The goal of stereotactic radiosurgery (SRS) for arteriovenous malformation (AVM) is complete nidus obliteration, thereby eliminating the risk of future hemorrhage. This outcome can be observed within the first 18 months, although documentation of AVM obliteration can extend to as much as 5 years after SRS is performed. A shorter time to obliteration may impact the frequency and effect of post-SRS complications and latency hemorrhage. The authors' goal in the present study was to determine predictors of early obliteration (18 months or less) following SRS for cerebral AVM.

METHODS

Eight centers participating in the International Gamma Knife Research Foundation (IGKRF) obtained institutional review board approval to supply de-identified patient data. From a cohort of 2231 patients, a total of 1398 patients had confirmed AVM obliteration. Patients were sorted into early responders (198 patients), defined as those with confirmed nidus obliteration at or prior to 18 months after SRS, and late responders (1200 patients), defined as those with confirmed nidus obliteration more than 18 months after SRS. The median clinical follow-up time was 63.7 months (range 7–324.7 months).

RESULTS

Outcome parameters including latency interval hemorrhage, mortality, and favorable outcome were not significantly different between the 2 groups.
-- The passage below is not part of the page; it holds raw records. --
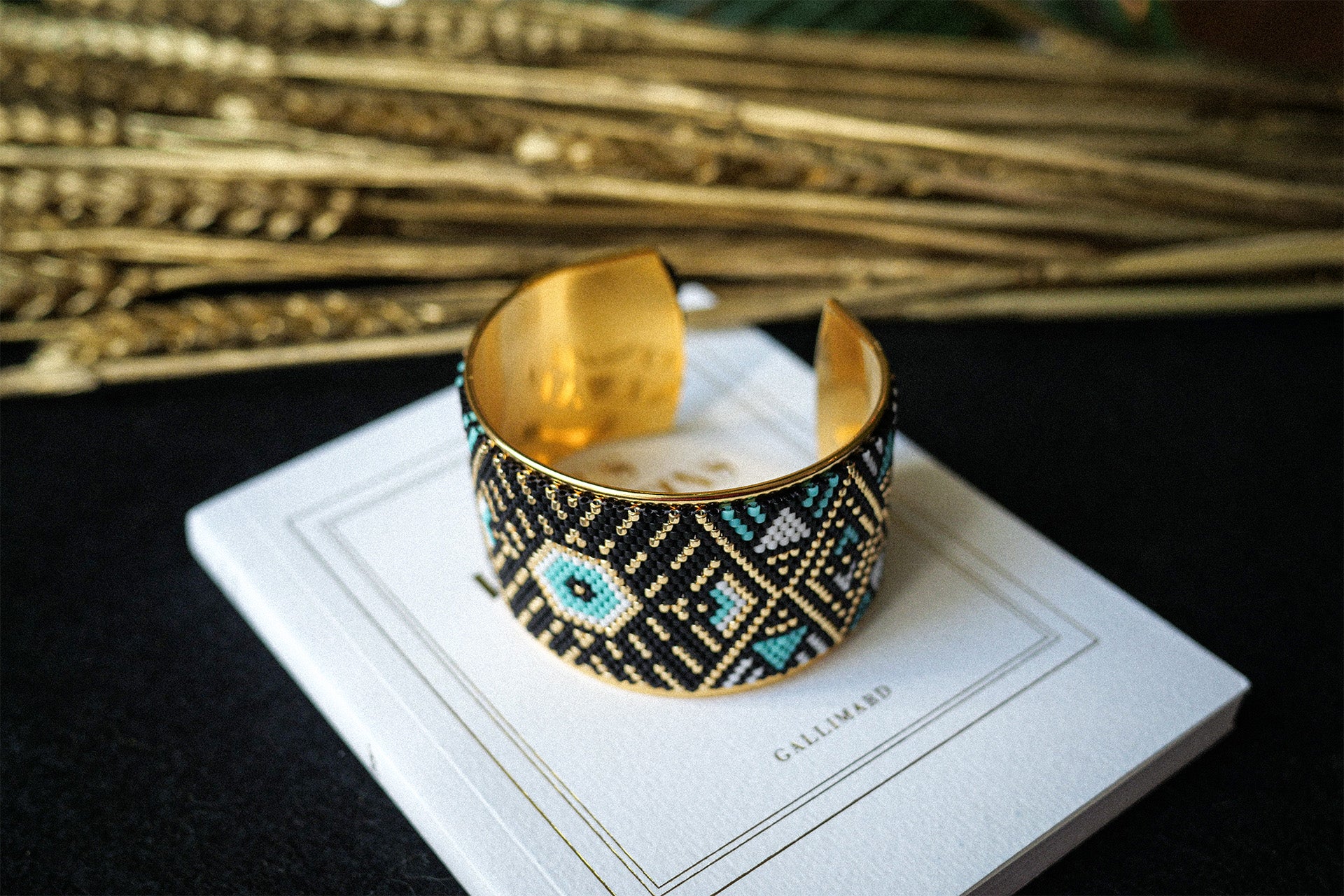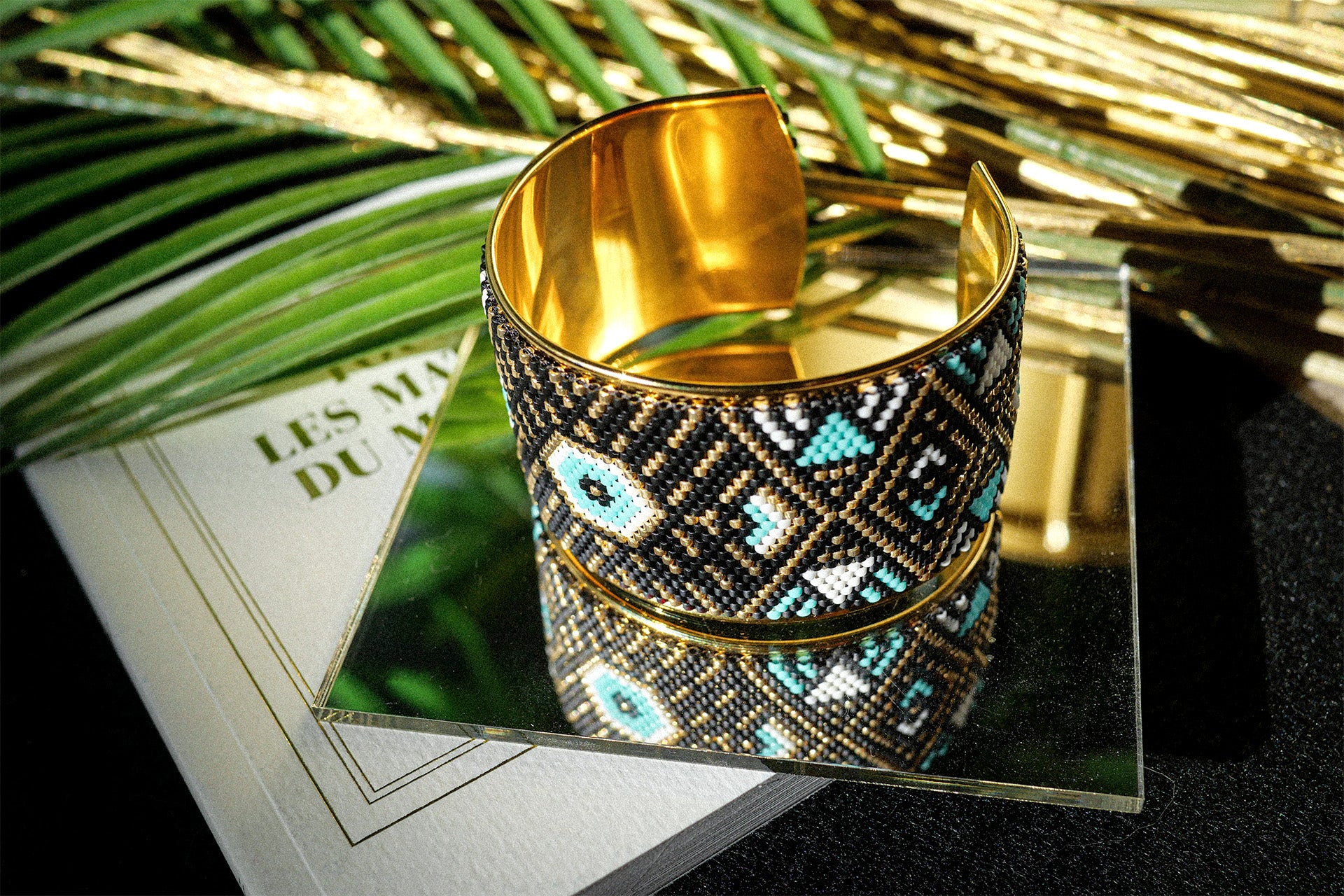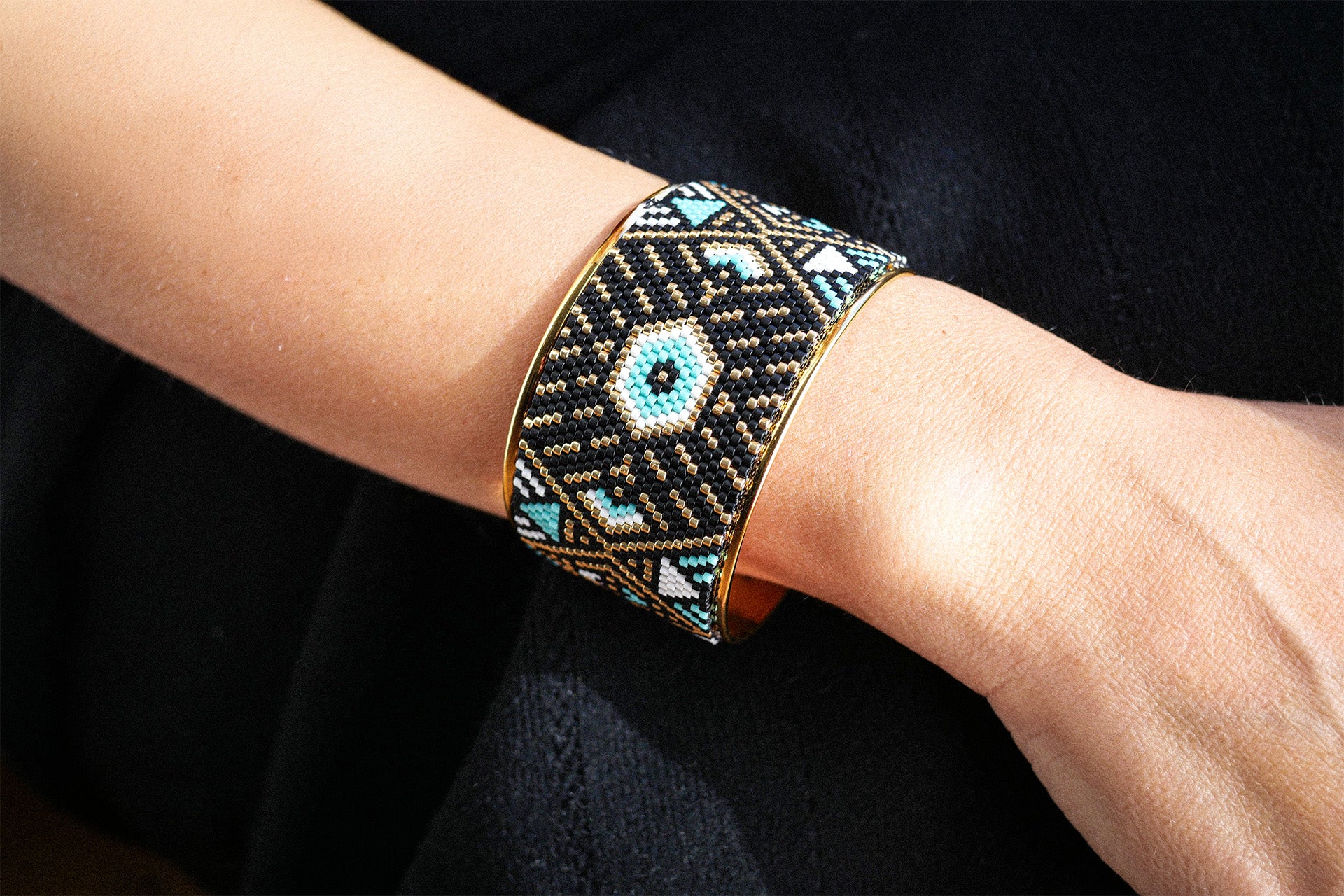 Technique du tissage façon Peyote, qui consiste à enfiler les perles une par une solidement. Cette technique complexe donne un rendu plus résistant, qualitatif et élégant.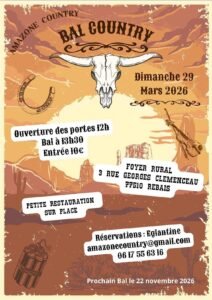 Le Dimanche 29 Mars 2026, Après Midi Bal Country des *Amazone Country*, à 13h30, Foyer Rural, 3 rue Georges Clémenceau, à Rebais (77510), Seine et Marne.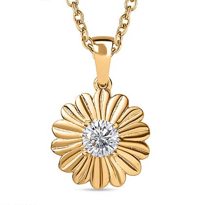 Moissanite Floral Pendant with Stainless Steel Chain (Size 20) in 18K Yellow Gold Vermeil and Rhodium Plated Sterling Silver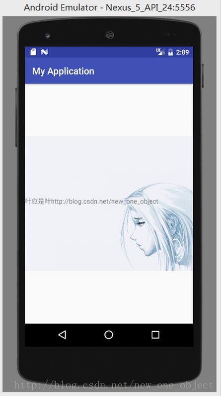 Bitmap bitmap = createWatermark(bmp, "叶应是叶" + "http://blog.csdn.net/new_one_object");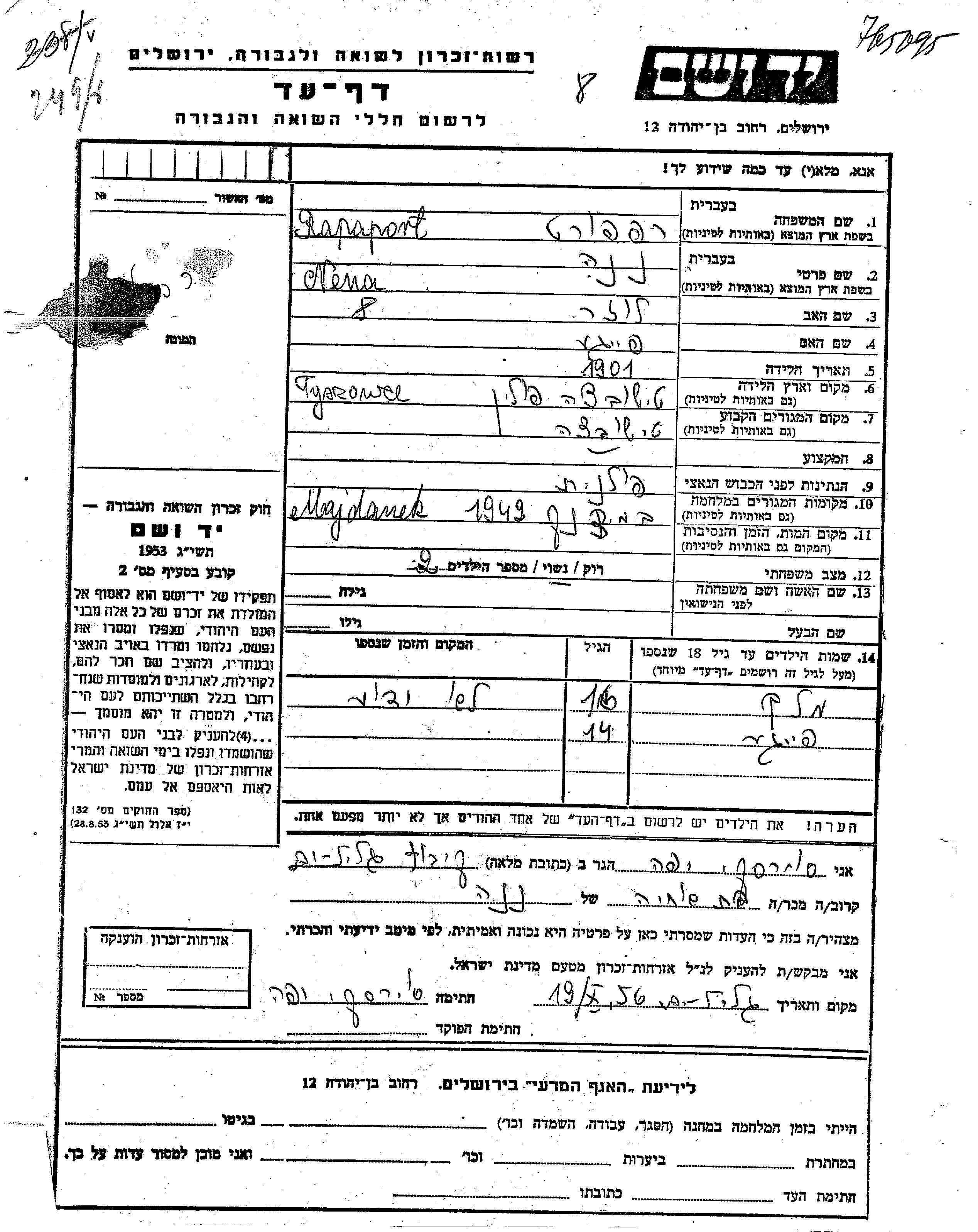רפפורט ננה 1901 Tyszowce, פולין דף-עד
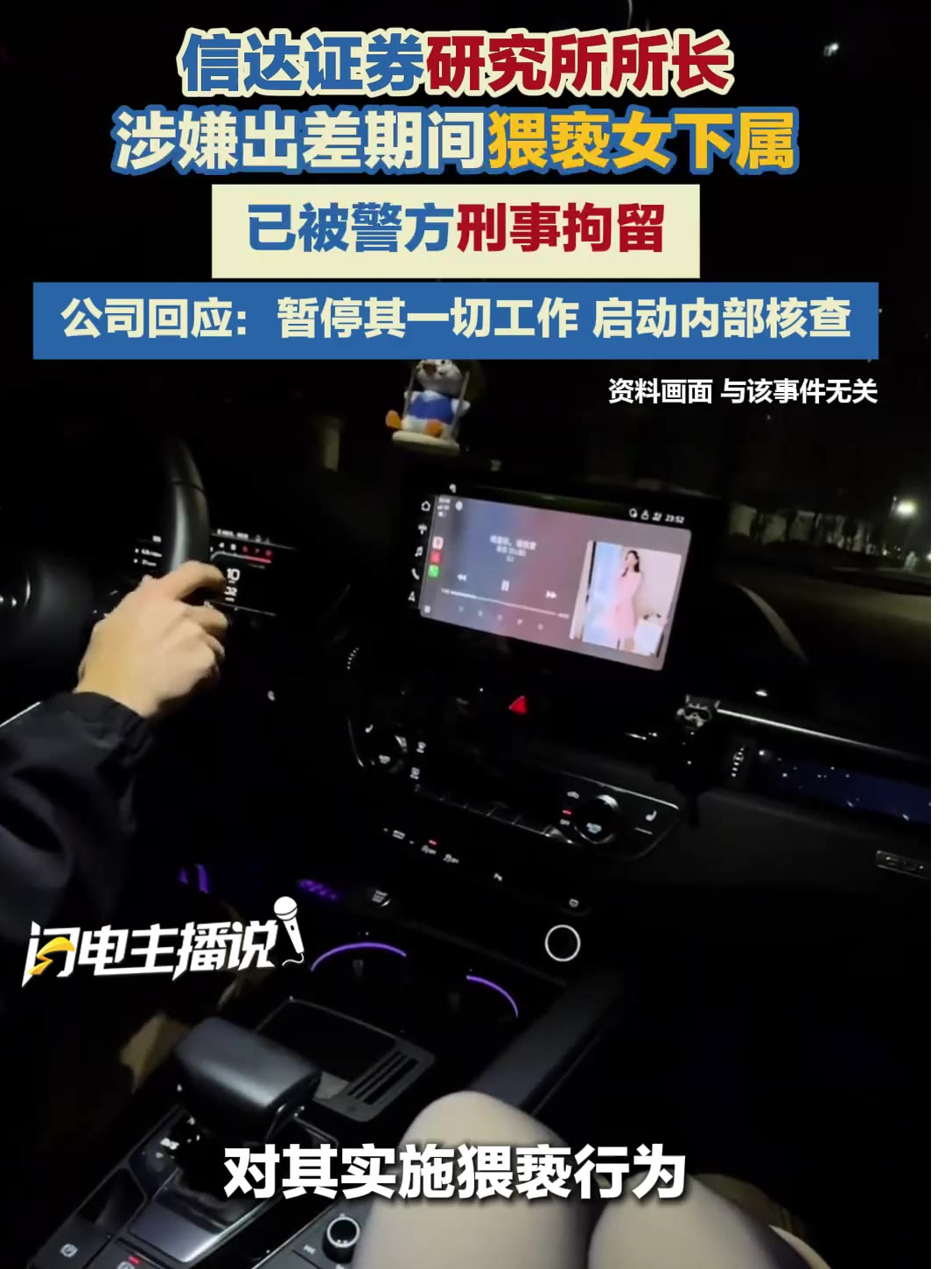 信达证券研究所所长涉嫌出差期间猥亵女下属 已被刑拘
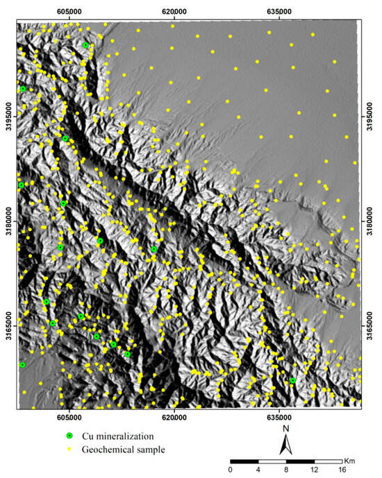 In addition to satellite data, this study utilized 745 stream sediment samples collected by the Geological and Mineral Exploration Survey of Iran to create a geochemical evidence layer. These samples were available for 20 elements (i.e., Zn, Pb, Ag, Cr, Ni, Bi, Sc, Cu, As, Sb, Cd, Co, Sn, Y, Ba, V, Sr, Hg, W, and Au). However, based on the conceptual model of porphyry copper deposits and previous studies [57,58], eight elements were used for a geochemical analysis. The locations of the stream sediment samples are illustrated in Figure 2.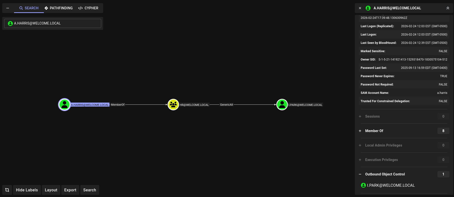 The analysis showed that my user a.harris had GenericAll rights over the user i.park.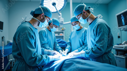 Surgeons Performing a Complex Operation in a Modern Hospital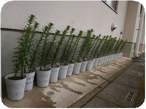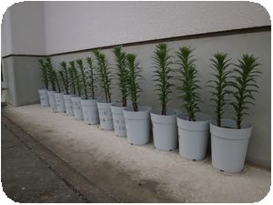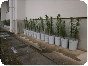 ユリが成長して大きくなってきました。どの鉢のユリも30cmほどに成長しています。(6月4日)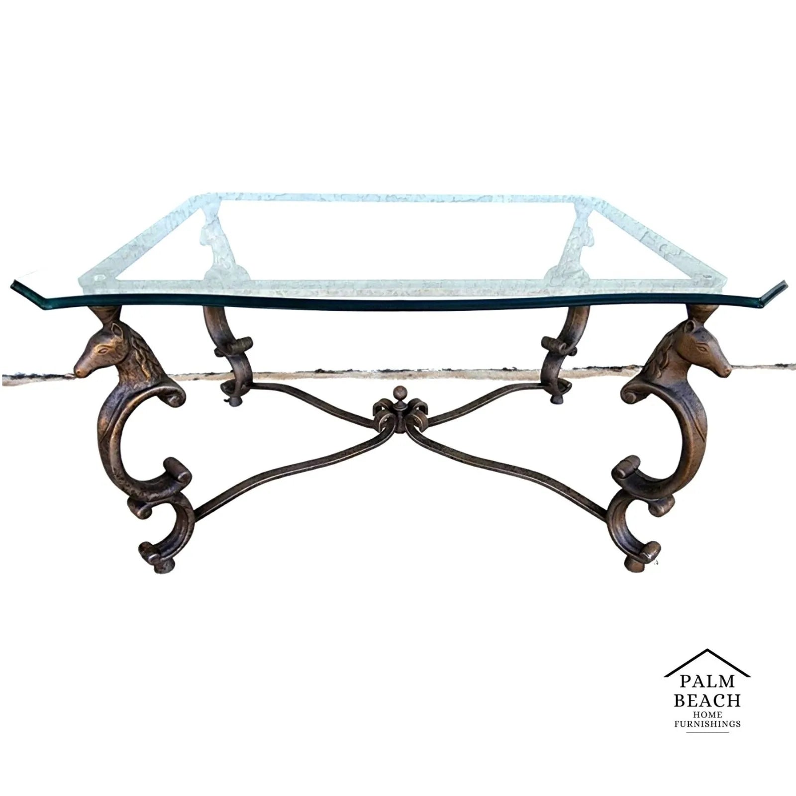 Vintage Maison Jansen Style Patinated Steel Horse Head and Hoof Footed Coffee Center Table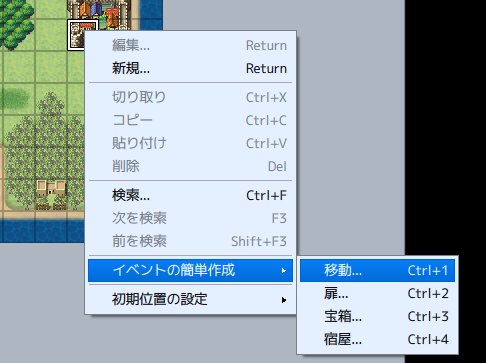 扉を作りには、イベント編集モードにしてから「イベントの簡単作成」のメニューで作れます。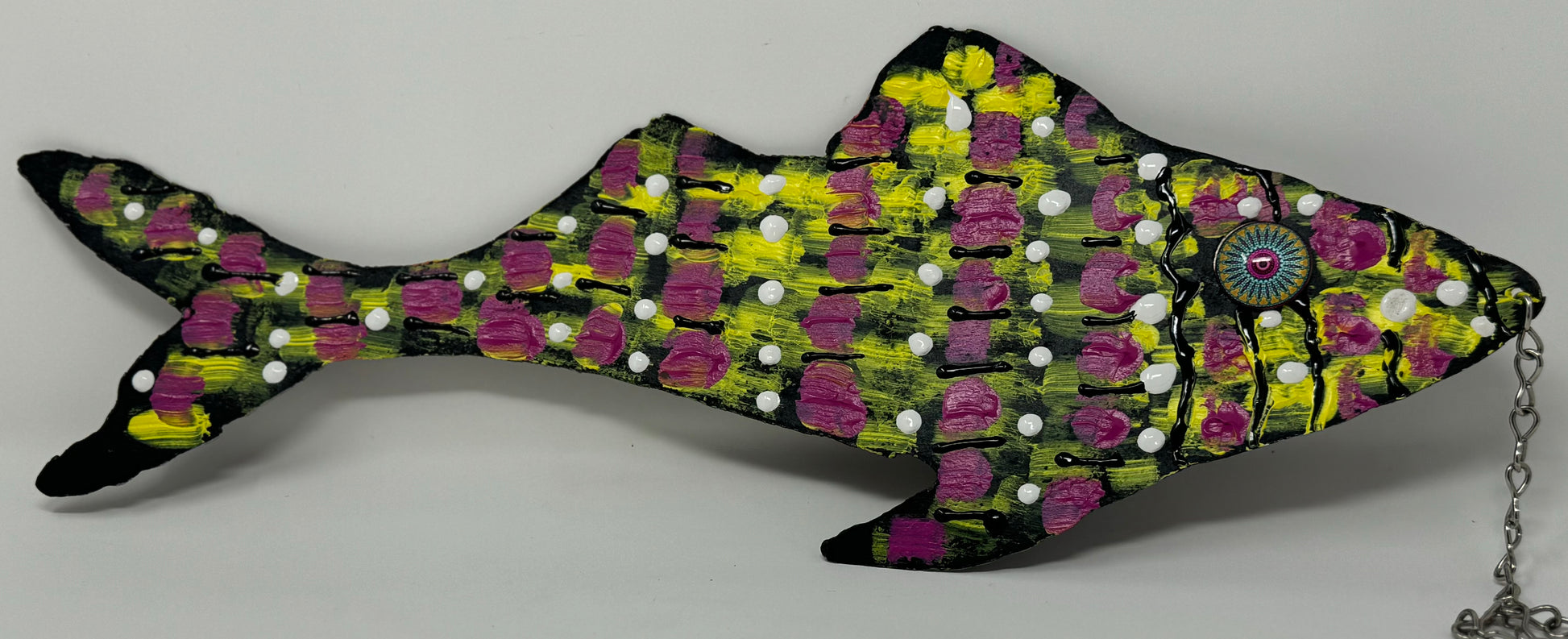 Made of repurposed metal rescued from the landfill, these rustic fish hang from a 6 inch rust proof chain and hook. These one of a kind fish each sport a different hand painted design and were created right in Rockport, with a blacksmith artisan cutting the fish out of metal and a crafter creating each original piece. They can hang in your kitchen, bathroom, yard or anywhere you want cute original nautical art.

Radiologically demonstrated radiation-induced changes were noted more often in the late responder group (376 patients [31.3%] vs 39 patients [19.7%] for early responders, p = 0.005). Multivariate independent predictors of early obliteration included a margin dose > 24 Gy (p = 0.031), prior surgery (p = 0.002), no prior radiotherapy (p = 0.025), smaller AVM nidus (p = 0.002), deep venous drainage (p = 0.039), and nidus location (p < 0.0001). Basal ganglia, cerebellum, and frontal lobe nidus locations favored early obliteration (p = 0.009). The Virginia Radiosurgery AVM Scale (VRAS) score was significantly different between the 2 responder groups (p = 0.039). The VRAS score was also shown to be predictive of early obliteration on univariate analysis (p = 0.009). For early obliteration, such prognostic ability was not shown for other SRS- and AVM-related grading systems.

CONCLUSIONS

Early obliteration (≤ 18 months post-SRS) was more common in patients whose AVMs were smaller, located in the frontal lobe, basal ganglia, or cerebellum, had deep venous drainage, and had received a margin dose > 24 Gy.

ABBREVIATIONS

AVM = arteriovenous malformation; GKRS = Gamma Knife radiosurgery; IGKRF = International Gamma Knife Research Foundation; MRA = MR angiography; RBAS = Radiosurgery-Based AVM score; RIC = radiation-induced change; SM = Spetzler-Martin; SRS = stereotactic radiosurgery; VRAS = Virginia Radiosurgery AVM Scale.